*Data block*.

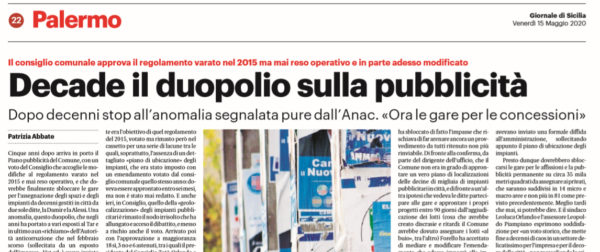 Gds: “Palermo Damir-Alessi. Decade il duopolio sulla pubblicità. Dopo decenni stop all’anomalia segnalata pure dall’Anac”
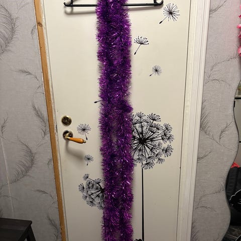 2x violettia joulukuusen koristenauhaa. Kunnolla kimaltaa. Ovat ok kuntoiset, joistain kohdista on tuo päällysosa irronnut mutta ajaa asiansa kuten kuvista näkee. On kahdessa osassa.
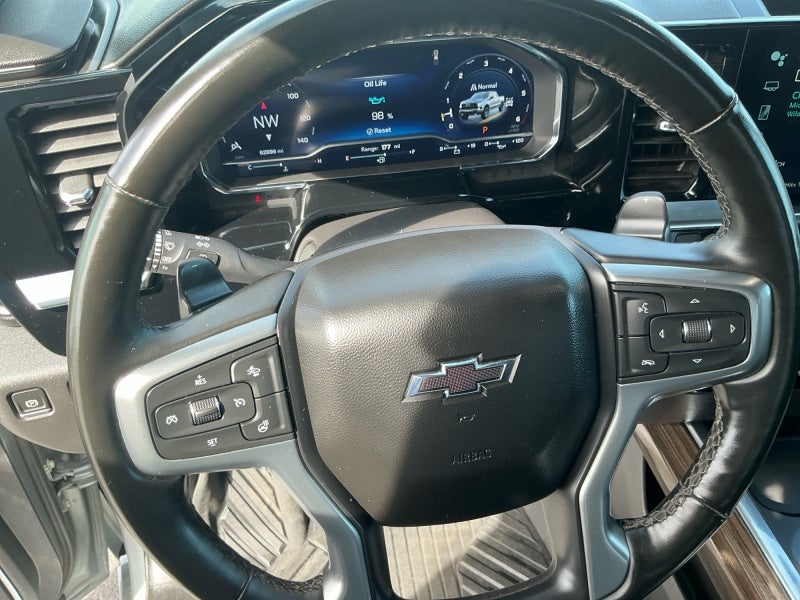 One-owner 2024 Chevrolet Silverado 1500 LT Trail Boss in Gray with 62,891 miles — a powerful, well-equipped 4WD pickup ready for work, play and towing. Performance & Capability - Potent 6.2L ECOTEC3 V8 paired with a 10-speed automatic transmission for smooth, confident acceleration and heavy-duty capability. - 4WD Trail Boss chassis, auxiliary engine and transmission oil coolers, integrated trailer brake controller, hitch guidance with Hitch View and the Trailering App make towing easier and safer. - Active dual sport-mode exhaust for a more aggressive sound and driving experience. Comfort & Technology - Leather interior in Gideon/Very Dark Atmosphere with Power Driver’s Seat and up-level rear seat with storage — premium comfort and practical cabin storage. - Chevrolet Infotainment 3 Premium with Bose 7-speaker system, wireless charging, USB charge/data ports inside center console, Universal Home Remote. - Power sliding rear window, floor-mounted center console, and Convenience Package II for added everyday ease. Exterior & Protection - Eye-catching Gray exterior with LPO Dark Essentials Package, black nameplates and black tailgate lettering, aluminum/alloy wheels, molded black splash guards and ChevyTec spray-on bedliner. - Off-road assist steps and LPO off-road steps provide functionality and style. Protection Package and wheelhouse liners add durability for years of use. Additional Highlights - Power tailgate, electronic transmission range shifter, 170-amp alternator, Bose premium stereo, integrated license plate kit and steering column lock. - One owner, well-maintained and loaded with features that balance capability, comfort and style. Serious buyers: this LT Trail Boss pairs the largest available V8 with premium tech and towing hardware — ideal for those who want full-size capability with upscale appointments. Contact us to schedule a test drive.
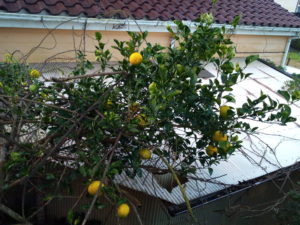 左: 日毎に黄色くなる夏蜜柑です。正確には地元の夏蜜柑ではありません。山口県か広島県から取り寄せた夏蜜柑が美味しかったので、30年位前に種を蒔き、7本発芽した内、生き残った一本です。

*Exercise*.
Transcribe the material above word for word; images do not belong in the copy.

*Written solution*.
 Gds: “Palermo Damir-Alessi. Decade il duopolio sulla pubblicità. Dopo decenni stop all’anomalia segnalata pure dall’Anac”
 2x violettia joulukuusen koristenauhaa. Kunnolla kimaltaa. Ovat ok kuntoiset, joistain kohdista on tuo päällysosa irronnut mutta ajaa asiansa kuten kuvista näkee. On kahdessa osassa.
 One-owner 2024 Chevrolet Silverado 1500 LT Trail Boss in Gray with 62,891 miles — a powerful, well-equipped 4WD pickup ready for work, play and towing. Performance & Capability - Potent 6.2L ECOTEC3 V8 paired with a 10-speed automatic transmission for smooth, confident acceleration and heavy-duty capability. - 4WD Trail Boss chassis, auxiliary engine and transmission oil coolers, integrated trailer brake controller, hitch guidance with Hitch View and the Trailering App make towing easier and safer. - Active dual sport-mode exhaust for a more aggressive sound and driving experience. Comfort & Technology - Leather interior in Gideon/Very Dark Atmosphere with Power Driver’s Seat and up-level rear seat with storage — premium comfort and practical cabin storage. - Chevrolet Infotainment 3 Premium with Bose 7-speaker system, wireless charging, USB charge/data ports inside center console, Universal Home Remote. - Power sliding rear window, floor-mounted center console, and Convenience Package II for added everyday ease. Exterior & Protection - Eye-catching Gray exterior with LPO Dark Essentials Package, black nameplates and black tailgate lettering, aluminum/alloy wheels, molded black splash guards and ChevyTec spray-on bedliner. - Off-road assist steps and LPO off-road steps provide functionality and style. Protection Package and wheelhouse liners add durability for years of use. Additional Highlights - Power tailgate, electronic transmission range shifter, 170-amp alternator, Bose premium stereo, integrated license plate kit and steering column lock. - One owner, well-maintained and loaded with features that balance capability, comfort and style. Serious buyers: this LT Trail Boss pairs the largest available V8 with premium tech and towing hardware — ideal for those who want full-size capability with upscale appointments. Contact us to schedule a test drive.
 左: 日毎に黄色くなる夏蜜柑です。正確には地元の夏蜜柑ではありません。山口県か広島県から取り寄せた夏蜜柑が美味しかったので、30年位前に種を蒔き、7本発芽した内、生き残った一本です。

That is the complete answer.